### INFORMATION SHOWN

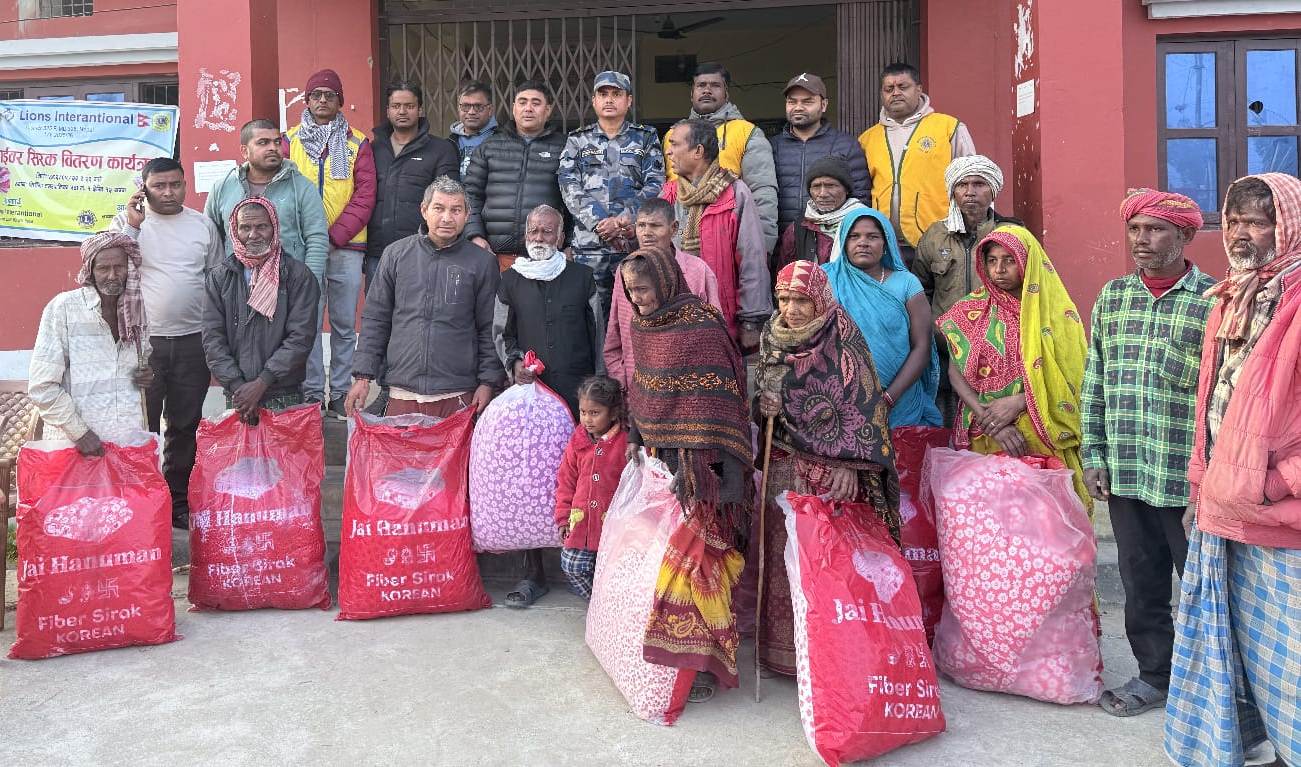 सिरहा, पुस २२ गते । पछिल्लो सातादेखि बढेको चिसो र शीतलहरका कारण कठ्यांग्रिदो जाडोले जनजीवन प्रभावित बनेपछि लायन्स क्लब अफ मिर्चैया सिटीले सिरहा जिल्लाको मिर्चैया नगरपालिकामा फाइबर सिरक वितरण गरेको छ ।
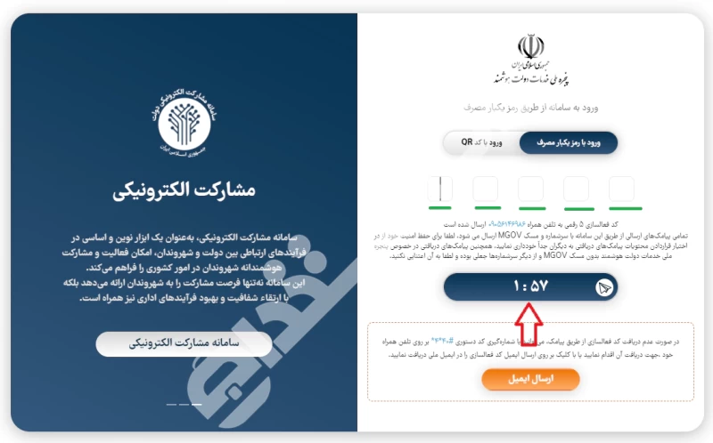کد ارسالی توسط پیامک را وارد نمایید و سپس منتظر باشید تا پنجره ملی خدمات دولت هوشمندنمایش داده شود.
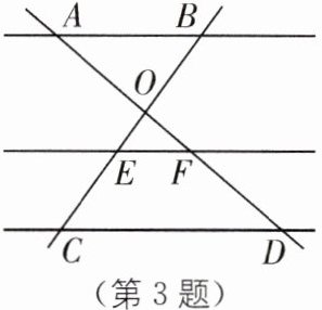 3. 教材 P125 例 1·拓展 (2025·台州期末)如图,直线 AD,BC 交于点 O,AB//EF//CD,若 AO= 2,OF= 1,FD= 2,则$\frac{AB}{CD}$的值为______.
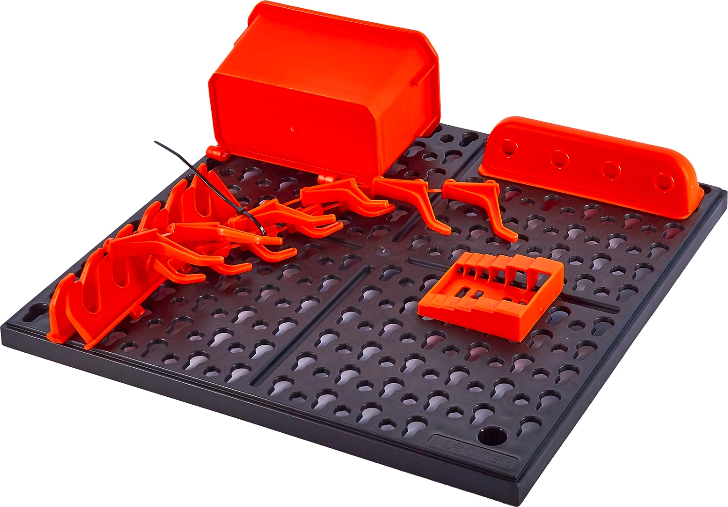 - - В комплектацию входят набор из двух типов крючков, держатели для отвёрток, свёрл, ключей и лоток для метизов. Монтаж на вертикальную поверхность осуществляется с помощью саморезов.
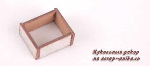 2. У Вас 4 одинаковых детали - это стенки ящика. Склейте их так, чтобы две детали были внутри, а две снаружи каркаса. Окрашенные поверхности должны быть внутри ящика.
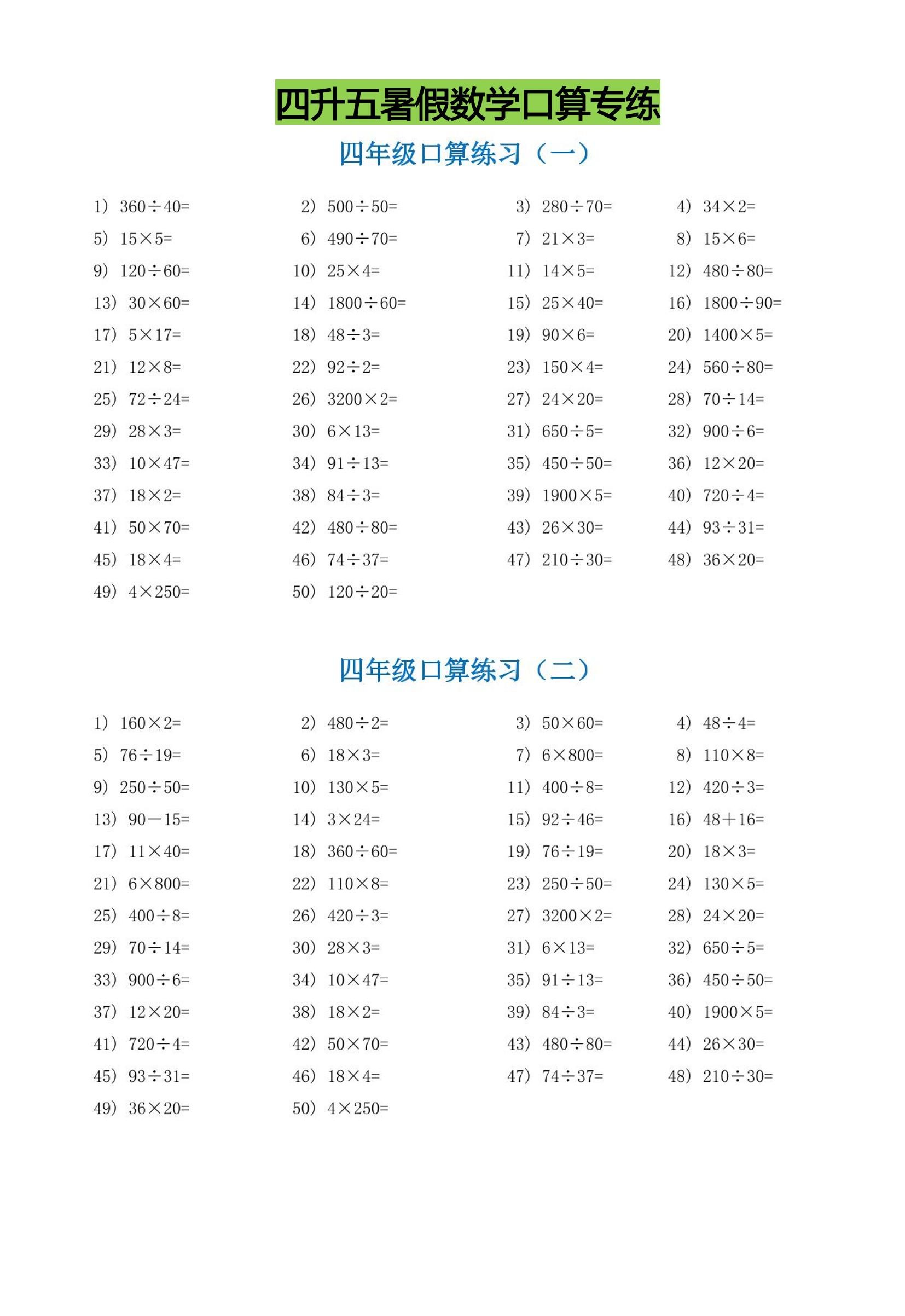 当前位置:首页学科年级五年级四升五暑假数学口算专练-五上数学
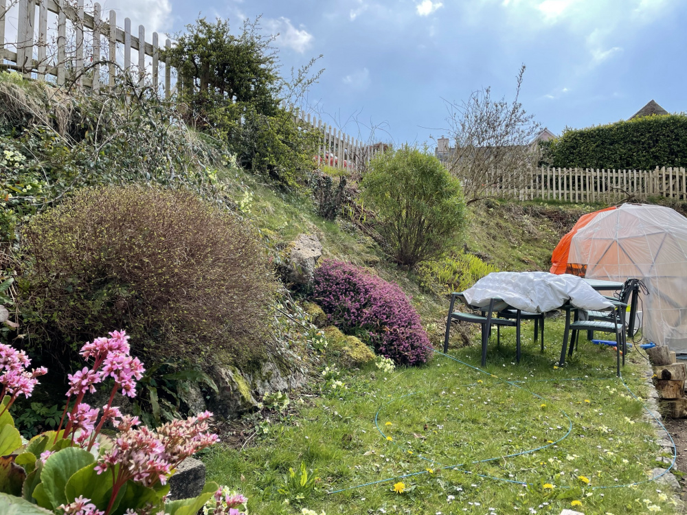 This is the area in my original top picture - I think the hot tub dome is very subtle. You can just see the many many primroses, and one the m6 roses just in bud. At the top on slope above dome is a wisteria which has responded well to merciless but necessary hacking.
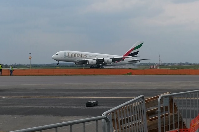 Poprvé v rámci pravidelné linky Dubaj-Praha přistál v neděli 1. května 2016 odpoledne na Letišti Václava Havla největší dopravní letoun světa, Airbus A380 společnosti Emirates Airlines. Na dráhu 12/30 ho posadil po čtyřech a půl hodinách letu z Dubaje jeho český kapitán David Hecl.
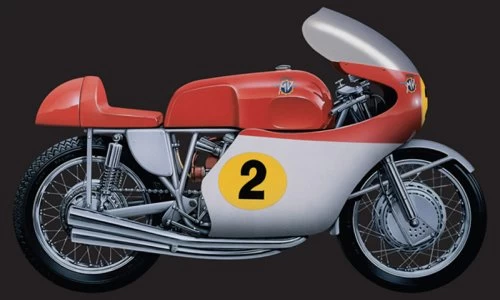 This Cardan-transmission motorcycle, first built in 1950, reached a peak of reliability and competitiveness in 1956 when it adopted chain transmission and a telescopic front fork. The 500 cc 4-cylinder MV Agusta was ridden by the worlds most famous racers – J. Surtees, M. Hailwood, G. Hocking and G. Agostini. Thanks to them this near-unbeatable motorcycle dominated the 500 cc category from 1956 to 1965, winning 9 world titles. It continued competing until 1966 when it was retired to make way for a new, lighter, more manageable 3-cylinder motorcycle.The model, pre-moulded in the original colours and with chrome-plated parts, also
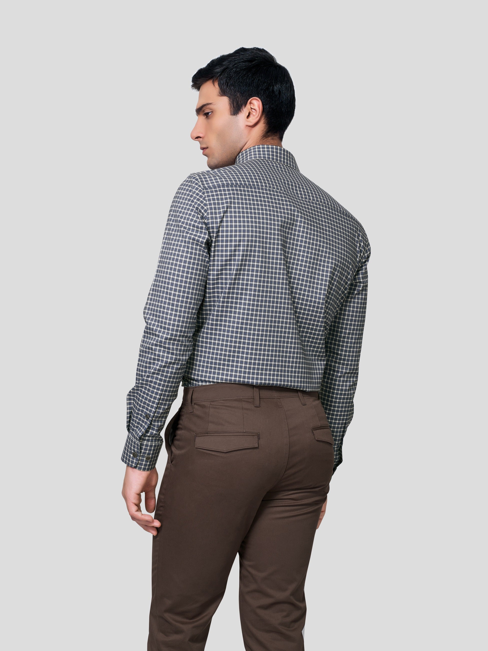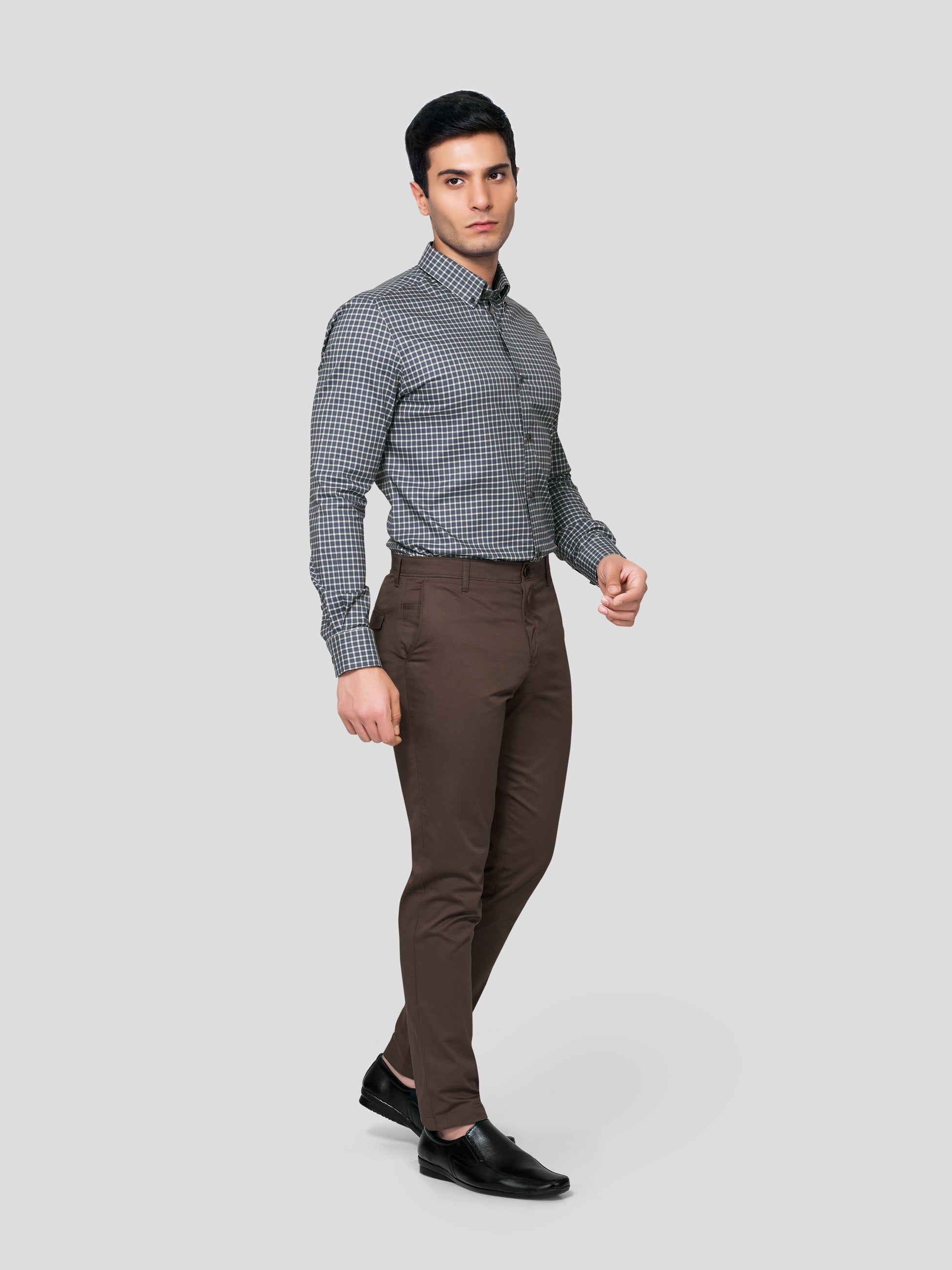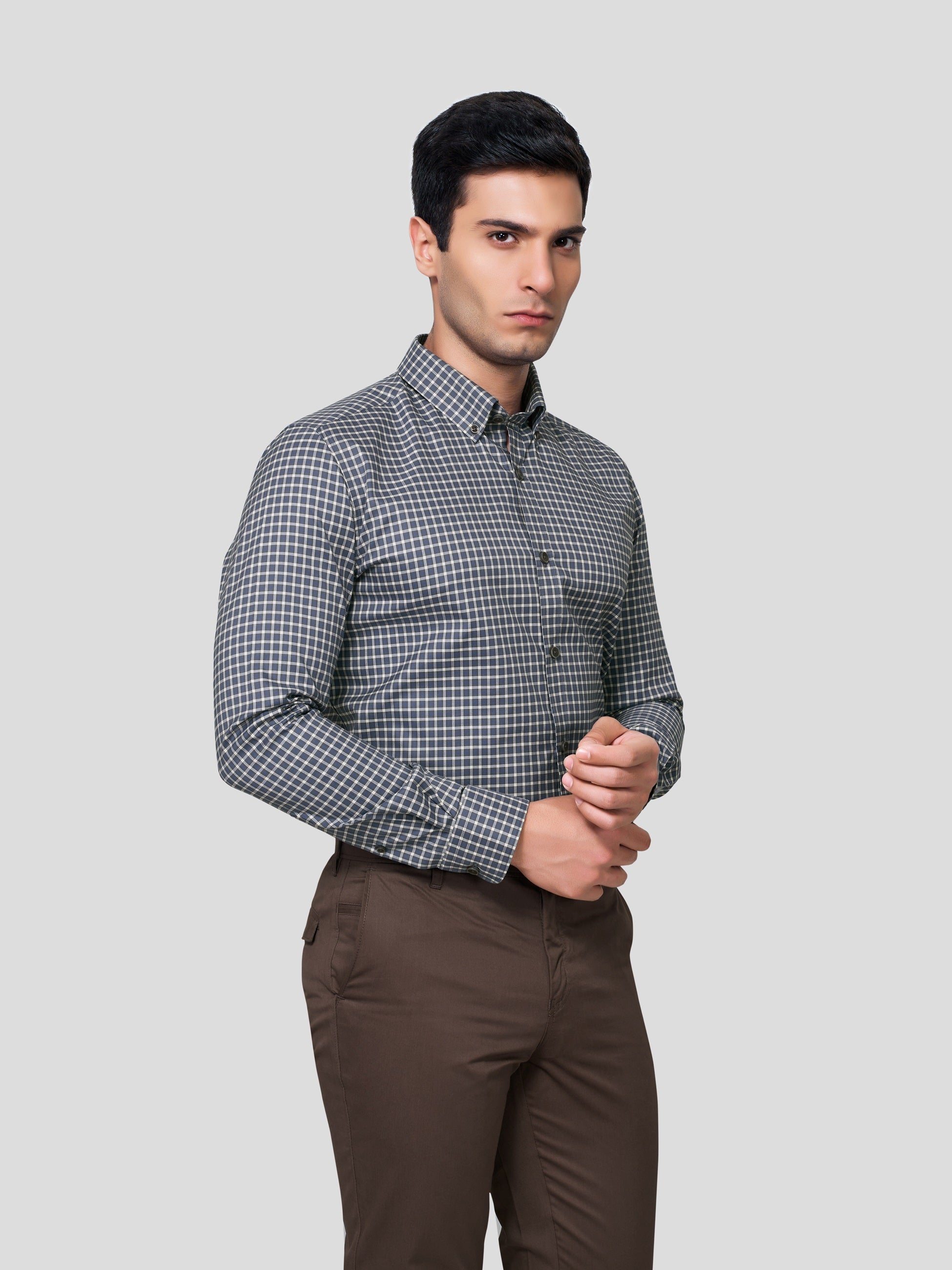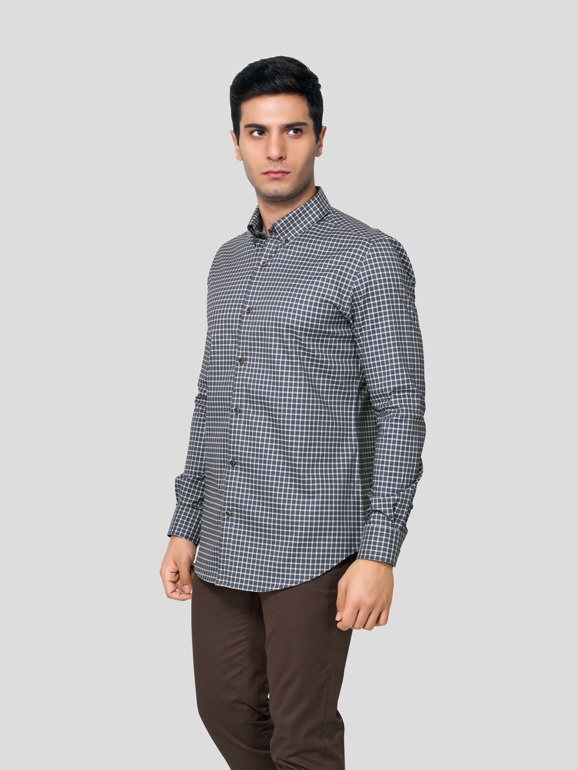 Geometric patterns display strategic attitude and button-down collar exhibits firmness of precision; our Scepter Button Down checker shirt has been designed with yarn dyed 50s cotton to fashionize your firm n’ strategic personality with nature’s vibrancy. Crafted with single button round cuff, American placket and contrasting imitation of mother of pearl shell buttons, this shirt smartly gives you a formal work look with achiever’s attitude.
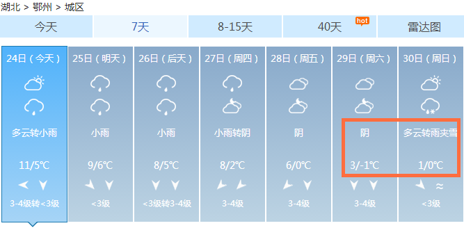 28-30 日,我州低山地区有小雨夹雪,二高山以上地区有小雪,局部有中雪,可能出现冰冻天气;
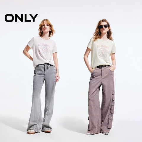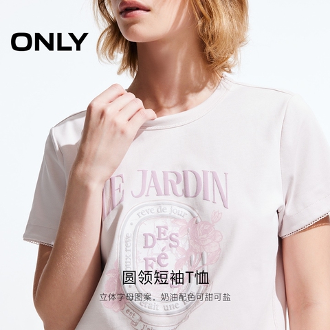 【热销爆款】ONLY2026春季新款纯棉上衣玫瑰印花正肩短袖T恤女
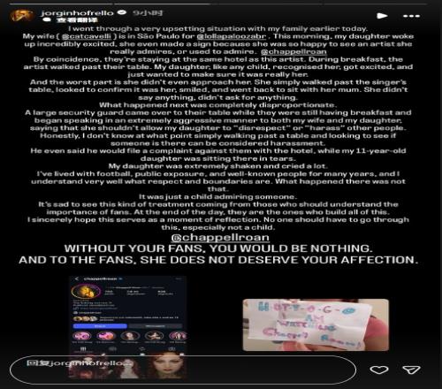 若日尼奧寫道:“今天早些時候,我和我的家人經歷了一件讓我無比憤怒的事。我的妻子帶著女兒在圣保羅參加音樂節(jié),只為了見見女兒心心念念的偶像查普爾·羅恩。
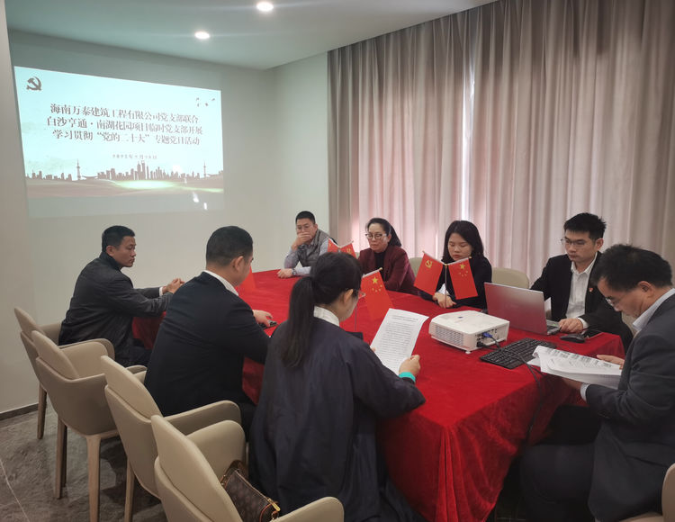 隨后,海南萬泰公司黨支部、亨通·南湖花園項(xiàng)目臨時(shí)黨支部集中組織學(xué)習(xí)了黨的二十大會(huì)議精神、海南省住房和城鄉(xiāng)建設(shè)工作會(huì)議精神以及建筑行業(yè)有關(guān)法律法規(guī)。項(xiàng)目臨時(shí)黨支部書記何承中表示,在今后的工作開展中,將繼續(xù)堅(jiān)持黨建引領(lǐng)項(xiàng)目建設(shè),與項(xiàng)目部一同,不斷努力提升項(xiàng)目安全生產(chǎn)、文明施工、工程質(zhì)量水平,確保項(xiàng)目后續(xù)建設(shè)工作順利進(jìn)行。

######

■ WORK TO BE COMPLETED
Give again, word for word, every line from the top of the data through the line with "- - В комплектацию", both ends included, and exclude the pictures.

■ ANSWER
 सिरहा, पुस २२ गते । पछिल्लो सातादेखि बढेको चिसो र शीतलहरका कारण कठ्यांग्रिदो जाडोले जनजीवन प्रभावित बनेपछि लायन्स क्लब अफ मिर्चैया सिटीले सिरहा जिल्लाको मिर्चैया नगरपालिकामा फाइबर सिरक वितरण गरेको छ ।
کد ارسالی توسط پیامک را وارد نمایید و سپس منتظر باشید تا پنجره ملی خدمات دولت هوشمندنمایش داده شود.
 3. 教材 P125 例 1·拓展 (2025·台州期末)如图,直线 AD,BC 交于点 O,AB//EF//CD,若 AO= 2,OF= 1,FD= 2,则$\frac{AB}{CD}$的值为______.
 - - В комплектацию входят набор из двух типов крючков, держатели для отвёрток, свёрл, ключей и лоток для метизов. Монтаж на вертикальную поверхность осуществляется с помощью саморезов.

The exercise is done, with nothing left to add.